Returns:	bin-name, mean, percentile and corresponding values list: binning used
Return type:	pandas.DataFrame

expan.core.experimentdata module¶

ExperimentData module allows us to abstract the data format from the library such that we can have multiple fetcher modules that only need import this module, and none of our analysis modules need know anything about the fetchers.

In other words, this is the interface between data fetching and data analysis.

class expan.core.experimentdata.ExperimentData(metrics=None, metadata={}, features='default', deepcopy=False)¶

Bases: object

Main class in ExperimentData module.

mandatory_metadata¶: metadata that needs to be provided (default: {‘experiment’, ‘source’})

primary_indices¶: primary indices on which the analyses will be performed (default: [‘entity’, ‘variant’]

optional_kpi_indices¶: optional indices for analysis (default: [‘time_since_treatment’]

known_feature_metrics¶: metric names that are automatically considered as features

Want to be able to create results from just a single dataframe.

Parameters:

metrics – data frame that contains either KPI or feature
metadata – the metadata dict
features – either ‘default’, which searches the metrics data frame for predefined feature names or list, which subsets the metrics data frame with the given column indices or data frame, which is feature data frame itself and metrics is either KPI or None or None
deepcopy – the internal data frames are, by default, shallow copies of the input dataframes: this means the actual data arrays underlying the frames are references to the input. In most use-cases, this is desired (reindexing will not reindex the original etc.) but it may have some edge-case issues.

__getitem__(key)¶: Allows indexing the ExperimentData directly as though it were a DataFrame composed of KPIs and Features.
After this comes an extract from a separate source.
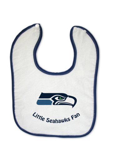 Seattle Seahawks Baby Bib. Licensed NFL Baby Bib with Team Color Trim. 86% Cotton, 14% Polyester. Adjustable Snap. Washable, Tumble Dry. Read more...
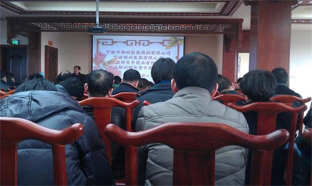 2014年1月19日下午1時整,寧波市鄞州醫藥藥材有限公司、寧波明州醫藥有限公司、寧波明貝中藥業有限公司、寧波鄞州明貝堂中醫館全體職工年終大會在公司明貝堂五樓會議廳舉行,項志秋董事長作了重要講話,大會對一年來先進工作者和優秀工作者進行了表彰。

feature_boxplot(feature, kpi, **kwargs)¶

Plot feature boxplot.

Parameters:	feature (list) – list of features kpi (list) – list of KPIs **kwargs – additional boxplot arguments (see pandas.DataFrame.boxplot())

feature_names¶

Returns list of features.

Returns:	list of feature names
Return type:	set

filter_outliers(rules, drop_thresh=True)¶

Method that applies outlier filtering rules on an ExperimentData object inplace.
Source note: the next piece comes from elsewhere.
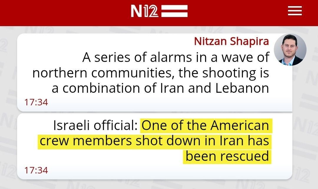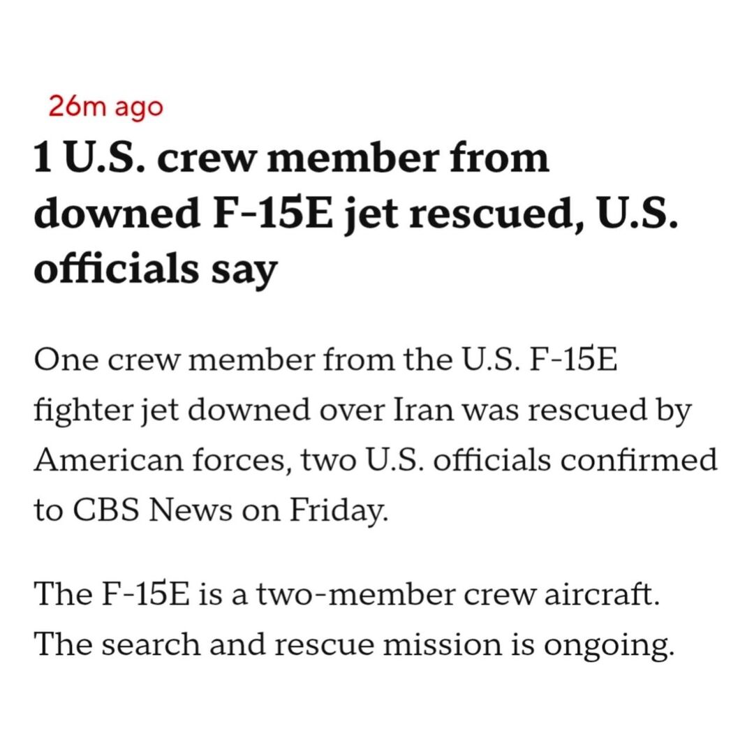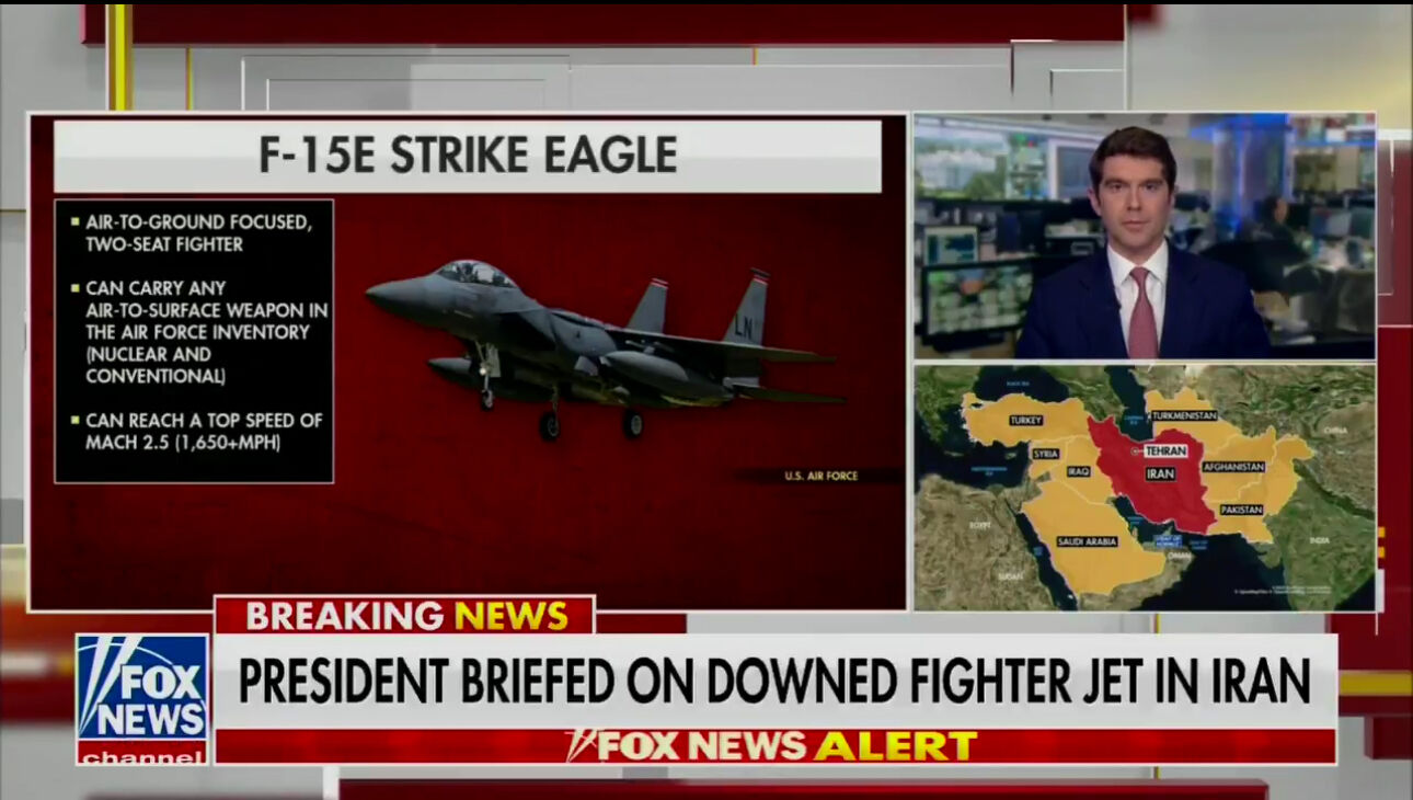 CNN: Máy bay Mỹ bị bắn rơi: Ba nguồn tin của Mỹ cho biết, một máy bay chiến đấu của Mỹ đã bị bắn rơi trên không phận Iran, xác nhận các báo cáo của truyền thông nhà nước Iran. Các nguồn tin cho biết lực lượng Mỹ đã tiến hành các hoạt động tìm kiếm và cứu hộ. Phân tích của CNN về các hình ảnh do truyền thông Iran công bố cho thấy đó là máy bay F-15.

Parameters:	rules (dict list) – list of dictionaries that define filtering rules drop_thresh (boolean) – whether to remove added threshold columns (defaults to true)

Examples

First example shows a ‘rules’ example usage for the ‘threshold’ filter with two different kinds, ‘upper’ and ‘lower’ - anything lower than -10.0 is filtered by the first rule and anything higher than 10.0 is filtered by the second one.

>>>
[
        {
                "metric":"normal_shifted_by_feature",
                "type":"threshold",
                "value": -10.0,
                "kind": "lower"
        },
        {
                "metric": "normal_shifted_by_feature",
                "type": "threshold",
                "value": 10.0,
                "kind": "upper"
        }
]

Second example shows the usage of additional ‘time_interval’ and ‘treatment_stop_time’ parameters (it implies that a ‘treatment_start_time’ column exists).

Given these parameters a per entity threshold is calculated by the following equation:

$threshold = value * min( \frac{treatment\_stop\_time - treatment\_start\_time}{time\_interval} , 1)$

Using the equation above, the threshold defined for a specific time_interval is scaled according to the treatment exposure time for each entity. Thereby, the minimum scaling factor is 1, i.e. the time_interval defined in the outlier rules is the smallest threshold that is applied.

>>>
[
        {
                "metric": "normal_shifted_by_feature",
                "type": "threshold",
                "value": 1.0,
                "kind": "lower",
                "time_interval": 30758400,
                "treatment_stop_time": 30758500
        }
]

Note

The outcome of the filtering depends on the order of rules being processed, e.g. when the rule contains a percentile instead of an absolute threshold.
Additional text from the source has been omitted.